Sadly, this vision of the American Dream is not helping the huge number of citizens who are destroying themselves.  Deaths through drug and alcohol overdoses have increased 600% in the last 20 years.  90.000 people died that way last year, a 20,000 increase on the year before – and by their nature, these figures almost certainly under-estimate the level of existential sadness and desperation in the country.  If, as we are often told when war is being waged, the first duty of government is to protect its people, then the US State is failing miserably. 

As if all that wasn’t enough, the really BIG, big issue is now knocking loudly at the door.  Even from my cosseted position, everyday life in New York City has been quite difficult over the last four weeks because of the weather.  US summers are always hot, but at the moment, temperatures are reaching heights they may once have reached on odd days, but staying there for weeks.  The city has been under several “weather advisories” since I arrived, with near 100°F (37°C) heat mixed with prolonged torrential rain and at least one classified Tropical Storm.  Weather memory is perhaps the least reliable of all, but the statistics confirm my feeling that this weather is more extreme than I’ve experienced when coming here over the last 20 years.  But what the north-east coast is experiencing is as nothing compared to other parts of the country.  There are currently 70 out-of-control forest fires on the west coast, creating a pall of smoke we’ve been told could affect the atmosphere here, 3,000 miles away.  The temperature in Death Valley, admittedly never a place to confuse with Manchester, hit a record level of 130°F (54°C) last week and there is a deepening drought across California.  There are some suggestions that the deadly collapsed condominium building in Florida recently was a potent of similar incidents, as rising tides weaken foundations and structures, particularly in coastal areas.  We’re not quite in “The Day After Tomorrow” territory yet, but it could be the week after next!       

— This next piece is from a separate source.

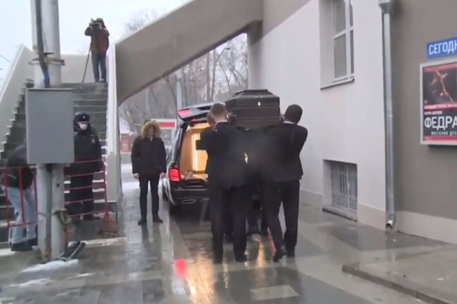 Судя по снимкам, которые публикует Telegram-канал РИА "Новости", гроб с телом вынесли на основную сцену театра. Его практически полностью укрывают цветы и венки от друзей, коллег и организаций.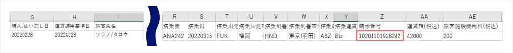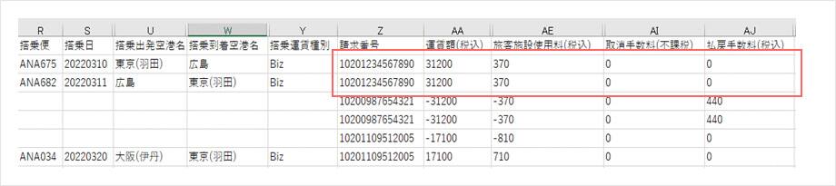 航空券は1区間ごとに記載されるため、2区間以上購入した場合は、複数行にまたがります。

All of which brings us to the embryonic Joe Biden administration.  The stakes could hardly be higher.  I share the feeling “pleasantly surprised” I’ve heard from people on the progressive left here with the ambition in the first six months, at least on the domestic front (there’s much less enthusiasm about Biden’s international agenda).  It might only be a conventional Keynesian response to capitalist crisis, but it’s on a scale that could make a serious impact, including a stated intention to increase taxation on incomes over $400,000.  But at the moment, it’s all talk and graphs.  The next few months of political wrangling on Capitol Hill will determine whether it stays that way.  I don’t get a sense that the left in Congress is strong enough to seriously influence this process and insist, for example, that the stated (truly remarkable) intention to invest $70billion in public housing, is adhered to.  The strategy seems to be to hold on to as much of the COVID-recovery-infrastructure package as possible – in the face of concerted efforts to water It down – and hope this convinces enough Americans to vote Democrat in the mid-term elections in November 2022, so that Biden has a bigger majority in Congress to enable more reforms in the second half of the Presidency, sufficient to win a second term, either for him, or his Democratic Party successor. 

From my limited perspective, that all sounds high-risk (and not just because of Biden’s age, although this is often raised as an issue).  There’s a cautiousness, combined with complacency, that I see somewhat mirrored in relation to the housing situation in NYC.  Of course, noone expects to see Biden and Harris leading a popular movement to demand the establishment concedes the ground necessary for real changes to improve the lives of working class Americans.  They’re part of the establishment!  But their political survival will depend on delivering those changes.  Otherwise, the doors to the abyss could open again.    

Pondering in “Charlie’s”, Southend, Boston.